Körfez Savaşı Sonrası ve Irak'ın ABD tarafından işgaline dair ise Doç Dr. Davut Hut şunları kaydetti: "Savaş sonrasında, Birleşmiş Milletler Güvenlik Konseyi’nin uyguladığı yaptırımlar çerçevesinde, Irak’ın petrol ihracatı durduruldu ve sadece 1995’ten itibaren savaş tazminatı ve insani ihtiyaç maddeleri için yılda 4 milyar dolarlık satış yapmasına izin verildi. Savaş öncesi Irak’ın ihracat gelirinin % 95’i petrolden karşılanıyordu. Fakat savaş sebebiyle, 1990’da üretilen 100 milyon varil petrol, 1991’de büyük bir düşüşle 13 milyon varile geriledi. Savaşın getirdiği yıkıma ilaveten Irak’ın petrol ihracatının durdurulması, petrol gelirinin yok olmasına ve ülke ekonomisinin iflasına yol açtı. Siyasi ve askeri sonuçlar da oldukça ağırdı. Irak’ın kuzey ve güneyi uçuşa yasak bölgeler haline getirilerek, ülkenin üçe bölünmesinin ilk adımları atılmış oldu.ABD önderliğindeki koalisyon güçleri, 2003’te Irak’ı işgal ederek Saddam’ı devirdi. Bu savaşta ABD askerlerinin öncelikli görevi, petrol kuyularının korunması idi. Hatta ABD orduları Bağdat’a girdiği zaman, yalnızca Irak Petrol Bakanlığı binasının yağmalanmasına izin verilmemiş ve bakanlık çevresinde adeta etten duvar örülmüştü. Böylece, Irak’ta yıllarca sürecek olan işgal, kaos ve direniş dönemi de başlamış oldu. Irak savaşları, ABD ve Avrupa’nın petrolün bir silah olarak kendilerine karşı kullanılmasına izin vermeyeceklerini bir kez daha göstermişti" dedi.

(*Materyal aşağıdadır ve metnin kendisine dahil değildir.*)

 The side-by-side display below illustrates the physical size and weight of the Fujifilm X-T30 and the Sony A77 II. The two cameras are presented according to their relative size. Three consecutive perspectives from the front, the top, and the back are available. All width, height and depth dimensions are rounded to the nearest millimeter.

Hut şöyle devam etti: "2003 savaşı ve Amerikan işgalinden sonra ABD’li, İngiliz, Fransız, Çinli ve Rus menşeili uluslar arası petrol şirketleri, Irak petrolü için kıyasıya bir mücadeleye giriştiler. Bu mücadele sonucunda, 2009 yılında petrol anlaşmaları imzalandı. Böylece, Irak’ın zengin petrollerinin işletilmesi ve pazarlanması işi, büyük petrol şirketlerine verilmiş oldu. Bu şirketler, Ortadoğu petrolünün paylaşımı konusunda daha 1928 yılında aralarında gizli anlaşma yapan bir zamanların ünlü Yedi Kızkardeşi’nden başkası değildi. Bu durum, petrol emperyalizminin hâlâ devam ettiğini göstermektedir."

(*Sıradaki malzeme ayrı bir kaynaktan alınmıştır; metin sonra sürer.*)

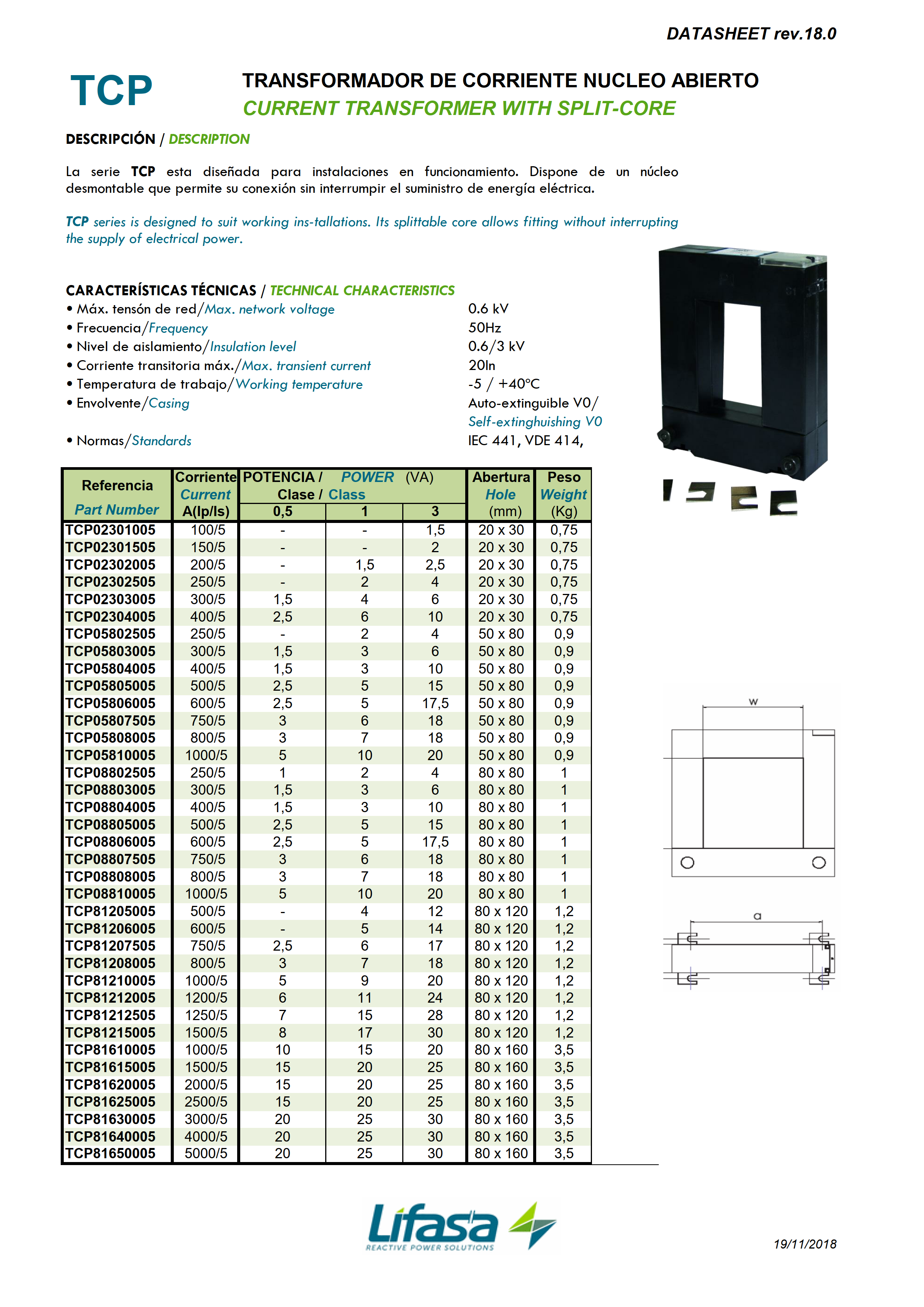 | TCP05806005 | 600/5 | 2,5 | 5 | 17,5 | 50×80 | 0,9 |
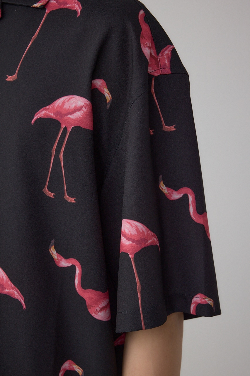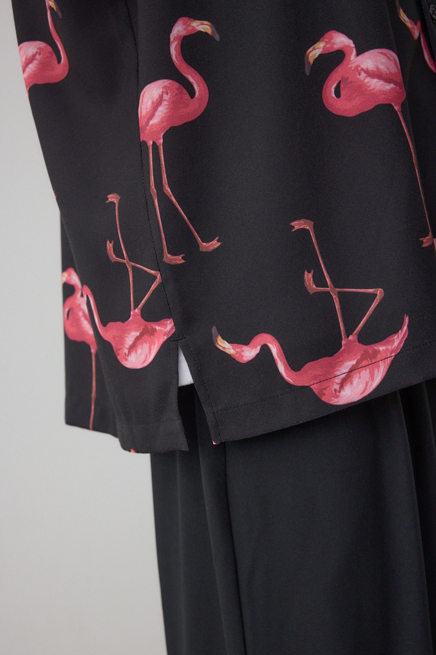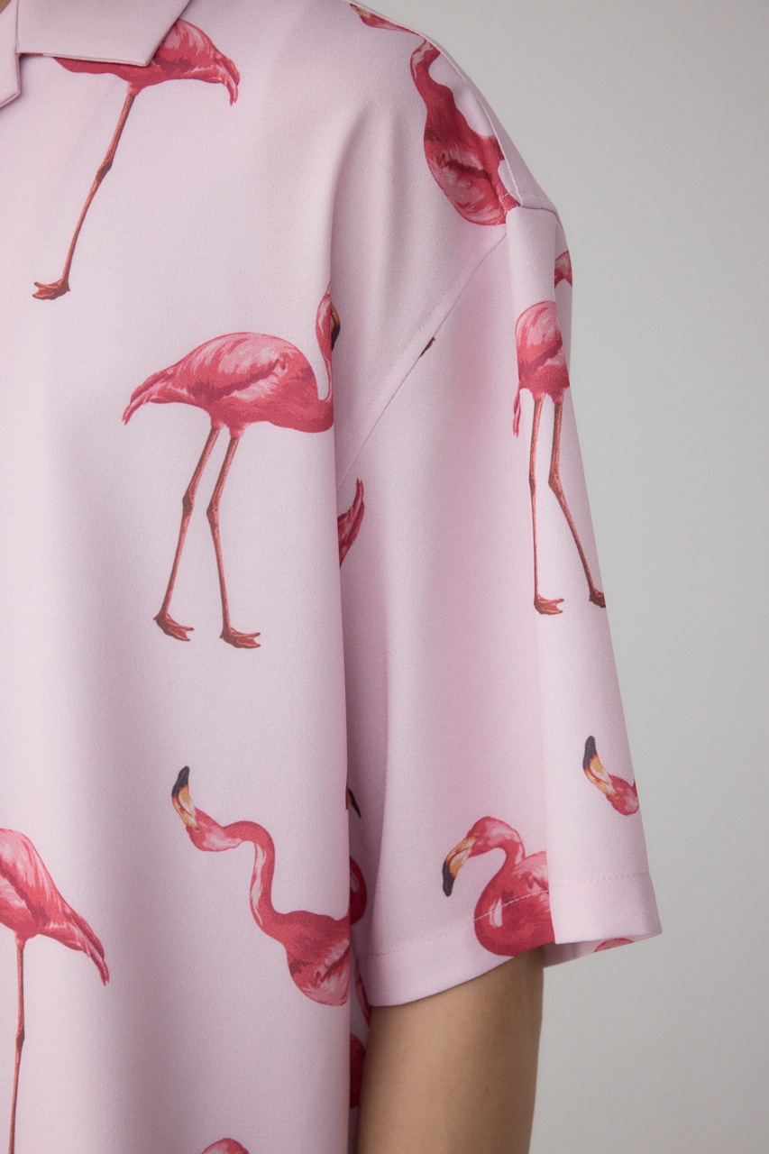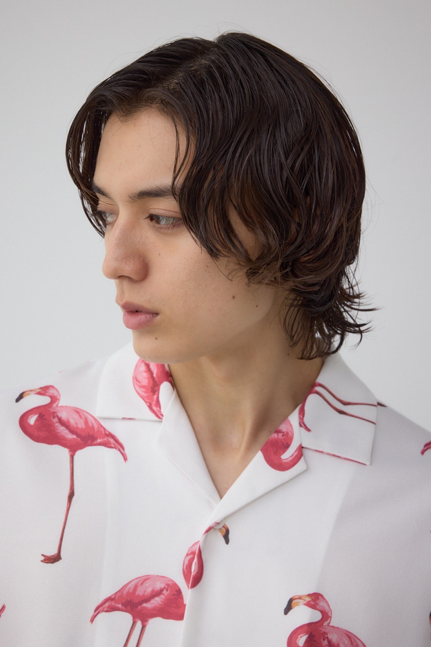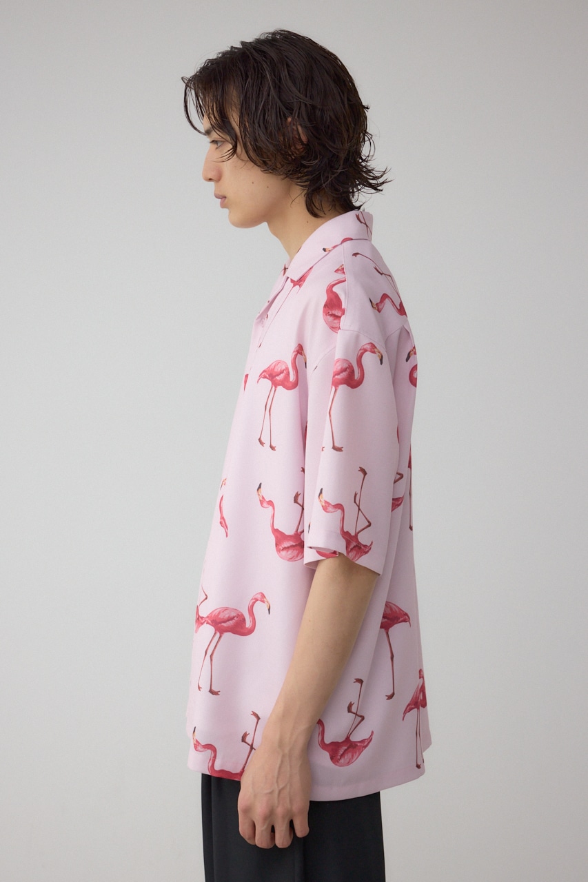 フラミンゴ柄がかっこいい開襟アロハシャツになります。

Son olarak petrol satışı konusunda kuzeydeki bölgesel yönetimle Bağdat arasında yaşanan anlaşmazlıkla ilgili olarak ise Hut şunları kaydetti: " Kuzeydeki bölgesel yönetimle yaşanan krizin, Irak’ın mevcut durumuna ciddi bir darbe daha indirmesi muhtemel gözüküyor. Bu ortamda, kendilerine aktarılması gereken % 17’lik petrol payının verilmediğini ileri süren bölgesel yönetim, merkezi yönetimden bağımsız olarak, başta ABD’li şirketler ve Rus Gazprom olmak üzere uluslar arası petrol şirketleriyle anlaşmalar yapmak suretiyle, bu konuda da bağımsız hareket edeceğini göstermiştir."